Cells were loaded with the calcium indicator indo-1 acetoxymethyl ester (indo-1-AM) (blood leukocytes) or fura-2 acetoxymethyl ester (fura-2-AM; cell lines; Molecular Probes, Eugene, OR), and [Ca²⁺]_i was measured as reported (26, 27) with a Hitachi F-4500 spectrofluorometer (Hitachi, Tokyo, Japan). After loading with indicator for 30 min at 37°C and gentle centrifugation, cells were resuspended in HBSS(-). Loaded cells (1 x 10⁶) were suspended in 960 µl of HBSS(+) for 2–5 min at 37°C and relative [Ca²⁺]_i measured before and after the addition of phage clones or control agonists, all of which were dissolved in NS/HEPES. Purified phage clones were taken from stock solutions (2.5 x 10¹² PFU/ml) in 150 mM NaCl, 10 mM HEPES, pH 7.4) and added to 1 x 10¹¹ PFU/ml final concentration. For some experiments, cells were additionally preincubated with 25 µM SK&F96365 (1-(-[3-(4-methoxyphenyl)propoxy]-4-methoxyphenethyl)-1H-imidazole hydrochloride; Sigma; Ref. 28), an inhibitor of receptor-mediated calcium entry, for 5 min before use, or with 100 nM wortmannin (Sigma) or 1 µg/ml pertussis toxin under conditions identical with those described above for chemotaxis studies. For other experiments, loaded cells were placed in HBSS(-), 4 mM EGTA before the addition of test substances to deplete extracellular calcium. Excitation wavelengths monitoring of fluorescence signals and calculations to determine relative cytoplasmic calcium concentrations were as previously detailed (11, 20, 29).

Desensitization assays

To study desensitization of the calcium mobilization response, PMN were loaded with the indicator indo-1-AM as above.

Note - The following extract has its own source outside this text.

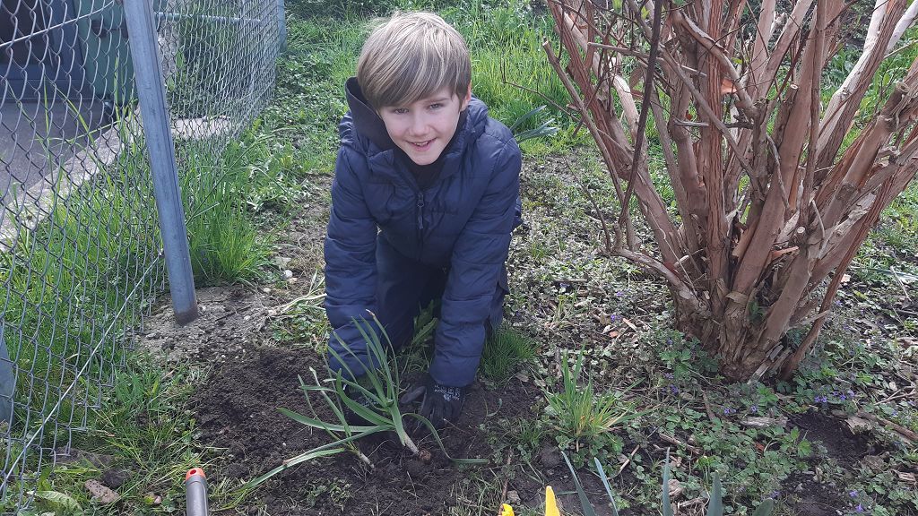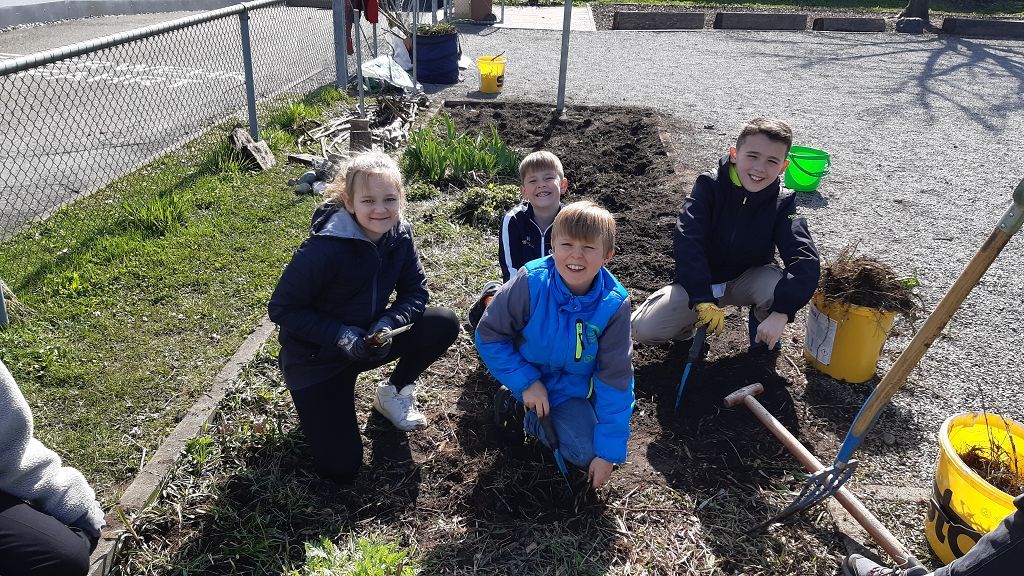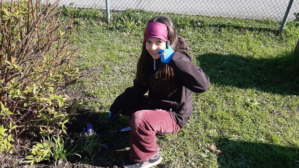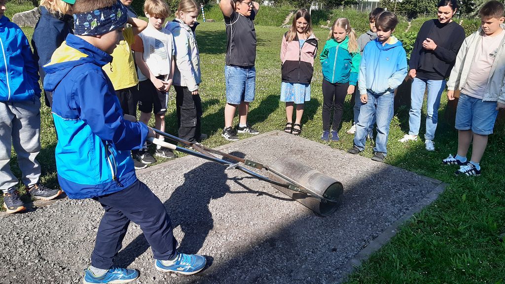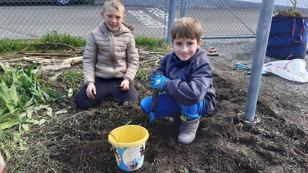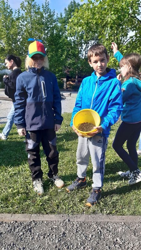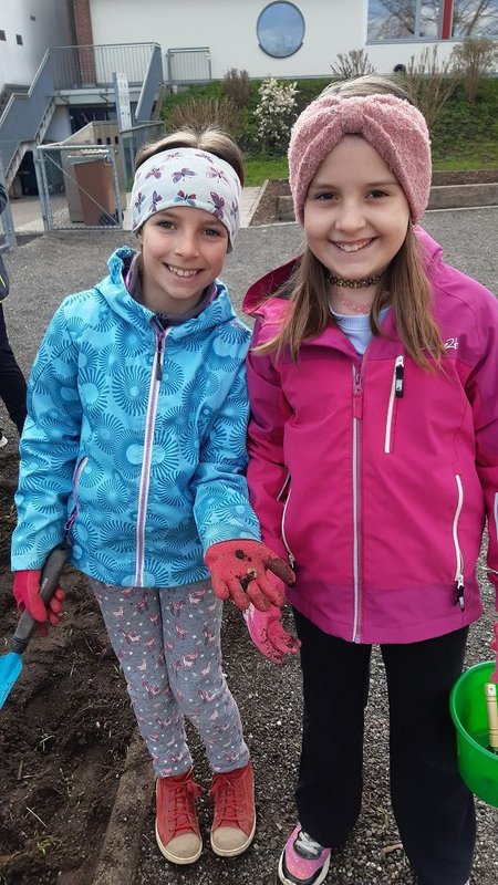 Im Praxisteil gestalteten die beiden Klassen das Blumenbeet im hinteren Pausenhof neu. Unkraut wurde fleißig gejätet und die Erde für eine Neueinsaat mit heimischen Wildblumen vorbereitet. Eine kleine Benjeshecke und ein Steinhaufen sind entstanden und eine Insektentränke wurde aufgestellt.

The magnitudes of the transient increase in [Ca²⁺]_i were evaluated as a function of the concentration of phage and control agonists to determine for each the effective concentration yielding a maximal response (EC₁₀₀) and half-maximal response (EC₅₀; Refs. 30, 31). For homologous desensitization studies, 80 s after an EC₁₀₀ dose of the first agonist was applied, cells were challenged with an EC₅₀ dose of the same agonist (32) and relative [Ca²⁺]_i changes were quantified. For heterologous desensitization experiments (32), the ability of an EC₁₀₀ dose of agonist to induce [Ca²⁺]_i changes was quantified 80–160 s after exposure of cells to an EC₁₀₀ dose of an initially applied different agonist.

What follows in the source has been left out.